Saturday, November 10, 2012

Sun, Sizzla, and Sand


up close and personal

So this past weekend Panama celebrated its independence from Colombia. I specify that because apparently they celebrate a few more independences this month. Basically, November in Panama is one big...beach party! Who am I to complain?

Not to mention it only cost $3.00 to get to the beaches on the Pacific side, which is where I spent my weekend. Something about knowing that I can see so much for so little is empowering. I get excited about the thought.

By now many of you have seen my picture with the phenomenal reggae artist that is Sizzla! Before I even knew when Panama's holiday was, I knew I would be at the concert. Even had my outfit planned. And of course I didn't get my ticket until two days before, haha. Typical.

Anyway, at the last minute I was convinced to head to the beach on Friday night instead of early Saturday morning as I had planned, in order to beat the traffic. Usually, I like to think things out a bit more, but I said whatever; this is all about adventure and experience, right? I was already packed so I did a quick mental checklist and went outside to catch a taxi to the bus terminal. There was only one problem and one problem only; I left after 9 and the last bus was leaving to Gorgona at 9:30. But like the 'blessing pikin' that I am, I made it (despite the taxi driver driving intentionally slow after I indicated that I was in a rush.) Either he was scared of going above the speed limit or he wanted to prolong our ride together. Either way I was annoyed.
from my 'bus'

I rushed to the bus---well, little minivan type of thing. It’s what we call ‘podahpodah’ in Sierra Leone, a ‘minibus’ in Guyana, or a ‘trhttp://trotrodiaries.tumblr.com/otro’ in Ghana. I was extremely close to this one guy who was adamant about sharing his 44th birthday plans with me. He told me about everything from his family to his birthday outfit. 
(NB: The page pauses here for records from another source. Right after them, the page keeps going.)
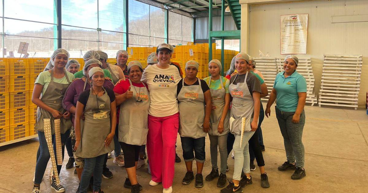 EL ROSARIO._ La candidata Ana Quevedo visitó el empaque “Rosa Elena”, donde los trabajadores se sumaron a la petición de la reapertura de las guarderías para poder tener un lugar seguro para dejar a sus hijos, así como también le solicitaron apoyos para emprender negocios de autoempleo cuando finaliza la temporada de mango.
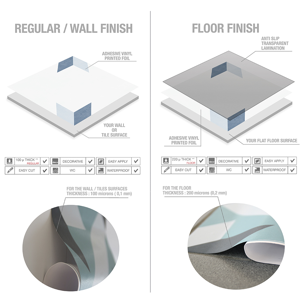 Made of 100% Quality German vinyl and covered with a special protective layer that prevents scratches and damages to the decal (in Floor Graphics option).
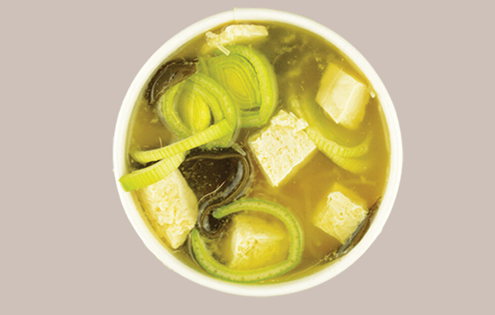 Sopa de miso con tofu, puerro, algas, noodles, jengibre y sesamo.

I finally arrived to the the town of Gorgona and you could feel the calm before the storm; it was clear that the next day would be a day of partying!

sunny days

hidin' out under the cliff catching waves
Saturday came quickly and I checked into a little house owned by a surfer guy in a beach town called El Palmar. This particular beach is frequented by many surfers because of the waves. There is also a surf school. I enjoyed the waves and all, but I'll leave the surfing to the surfers :) I will admit that it felt good to have the waves take you with them.
hey there
beautiful rock structure

I enjoyed the beach a bit more with my homegirl, who is actually learning to surf. Then we got ready and headed out to make an impression---I mean to go to the Sizzla Concert. Yay for Sand and Sizzla. How much better does it get?

Oh wait, it gets better!

I managed to make my way into the VIP section, which basically meant I was free to go riiiiight up close to the front. I figured why shouldn't I be as close as possible to the stage? I will only see Sizzla in Panama once, right? 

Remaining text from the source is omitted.